Supplied material –
┄┄┄┄┄┄┄┄┄┄

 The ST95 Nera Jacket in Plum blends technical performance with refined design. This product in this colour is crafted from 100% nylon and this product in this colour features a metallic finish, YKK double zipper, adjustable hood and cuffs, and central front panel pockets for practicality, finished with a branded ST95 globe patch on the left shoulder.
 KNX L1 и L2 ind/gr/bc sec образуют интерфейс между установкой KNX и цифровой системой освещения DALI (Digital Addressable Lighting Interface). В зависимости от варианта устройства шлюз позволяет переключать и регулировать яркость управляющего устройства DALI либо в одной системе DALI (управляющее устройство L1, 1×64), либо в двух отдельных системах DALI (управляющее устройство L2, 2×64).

┄┄┄┄┄┄┄┄┄┄

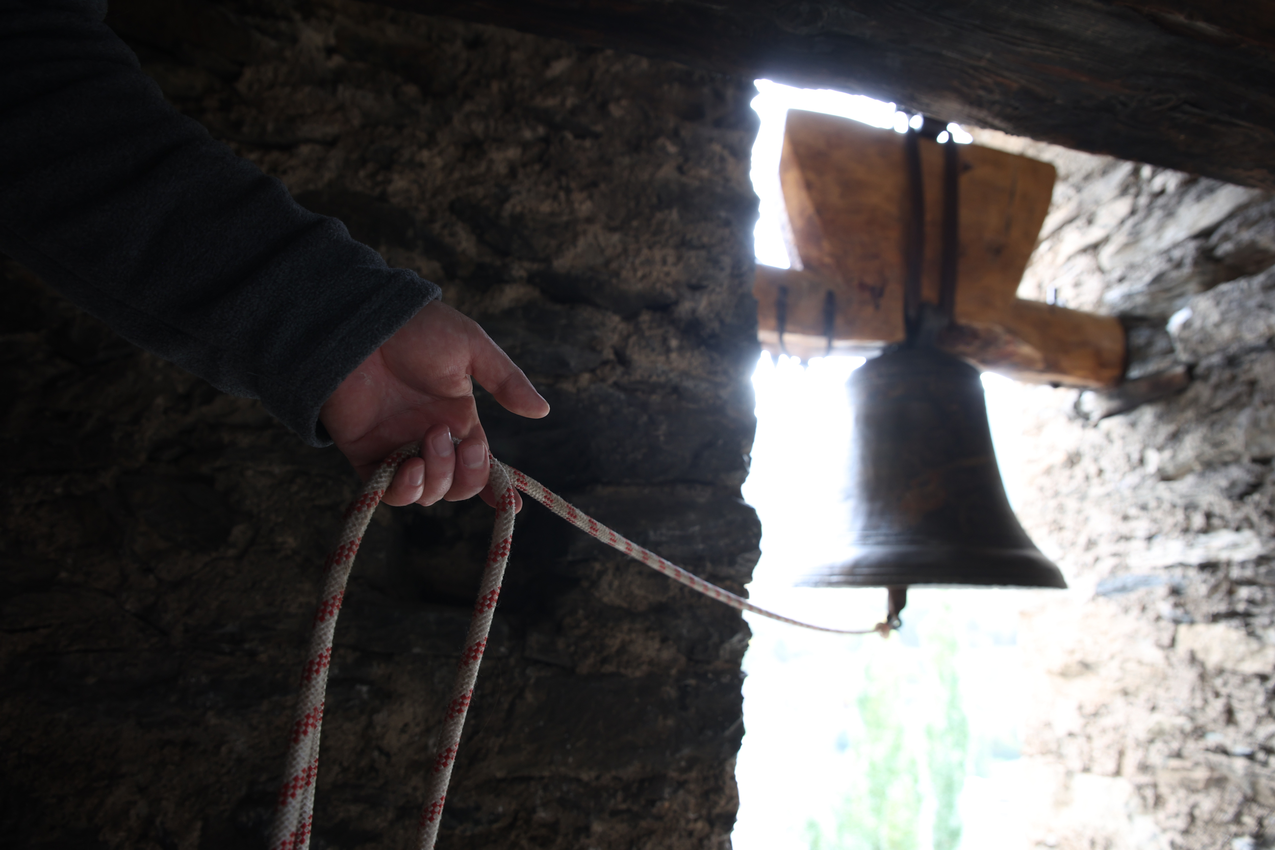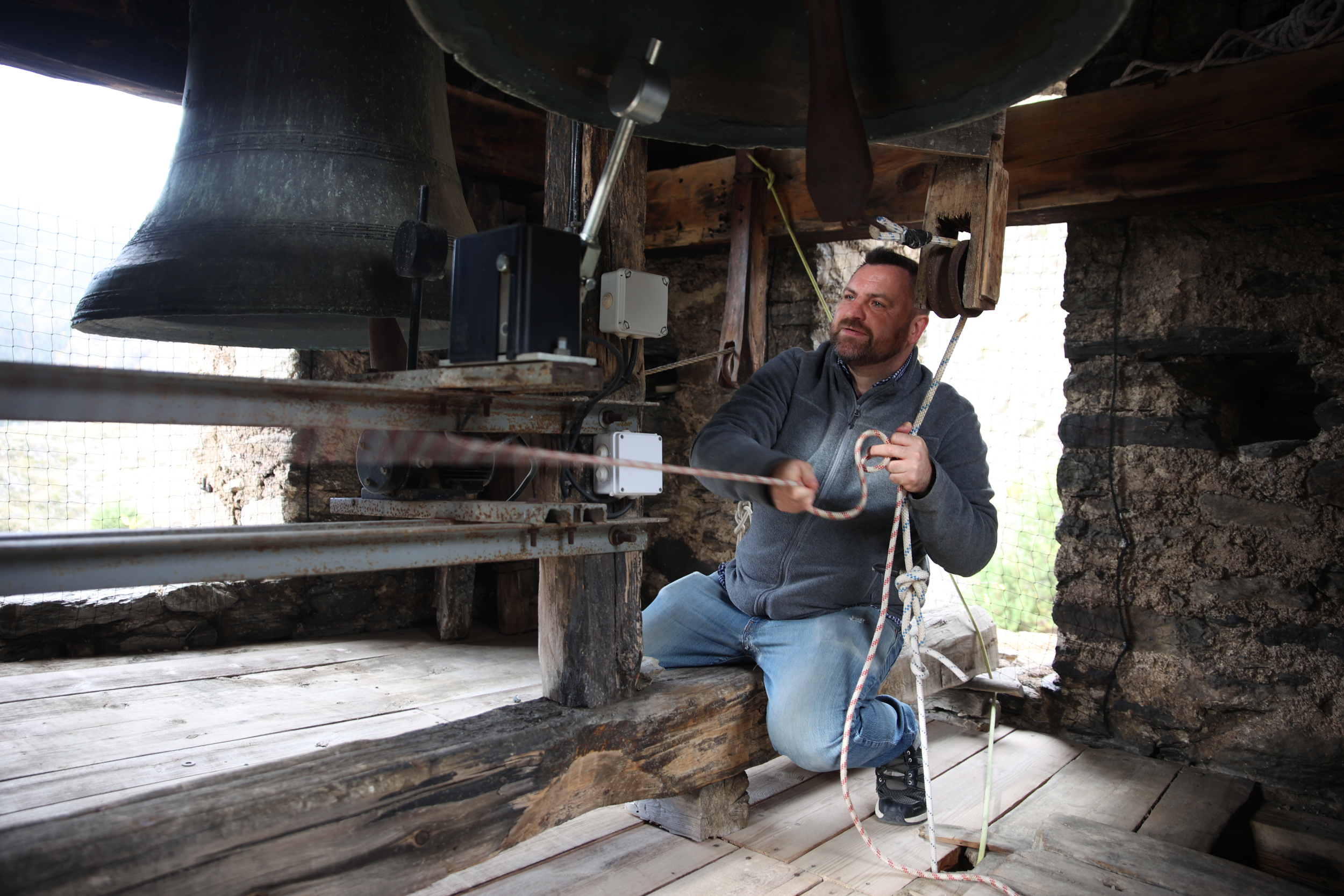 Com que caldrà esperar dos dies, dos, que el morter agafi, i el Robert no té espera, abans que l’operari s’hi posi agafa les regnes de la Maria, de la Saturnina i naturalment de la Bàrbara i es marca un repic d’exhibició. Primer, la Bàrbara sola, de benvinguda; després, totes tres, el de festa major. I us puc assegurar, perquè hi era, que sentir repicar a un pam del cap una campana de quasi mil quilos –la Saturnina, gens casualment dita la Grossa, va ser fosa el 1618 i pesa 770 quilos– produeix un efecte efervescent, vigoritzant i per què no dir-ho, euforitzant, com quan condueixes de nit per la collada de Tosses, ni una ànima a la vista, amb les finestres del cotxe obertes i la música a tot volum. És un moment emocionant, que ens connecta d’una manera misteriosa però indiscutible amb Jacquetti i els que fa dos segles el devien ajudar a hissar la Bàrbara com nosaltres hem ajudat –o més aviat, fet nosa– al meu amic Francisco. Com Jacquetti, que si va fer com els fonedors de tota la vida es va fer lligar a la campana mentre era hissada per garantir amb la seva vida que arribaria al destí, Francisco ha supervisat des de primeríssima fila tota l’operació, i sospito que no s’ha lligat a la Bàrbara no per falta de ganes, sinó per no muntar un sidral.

┄┄┄┄┄┄┄┄┄┄

The problem – Reproducing the whole listing above is not the task. Copy exactly only the lines from the one with "The ST95 Nera" to the one with "KNX L1 и L2", both kept.

Finished task –
 The ST95 Nera Jacket in Plum blends technical performance with refined design. This product in this colour is crafted from 100% nylon and this product in this colour features a metallic finish, YKK double zipper, adjustable hood and cuffs, and central front panel pockets for practicality, finished with a branded ST95 globe patch on the left shoulder.
 KNX L1 и L2 ind/gr/bc sec образуют интерфейс между установкой KNX и цифровой системой освещения DALI (Digital Addressable Lighting Interface). В зависимости от варианта устройства шлюз позволяет переключать и регулировать яркость управляющего устройства DALI либо в одной системе DALI (управляющее устройство L1, 1×64), либо в двух отдельных системах DALI (управляющее устройство L2, 2×64).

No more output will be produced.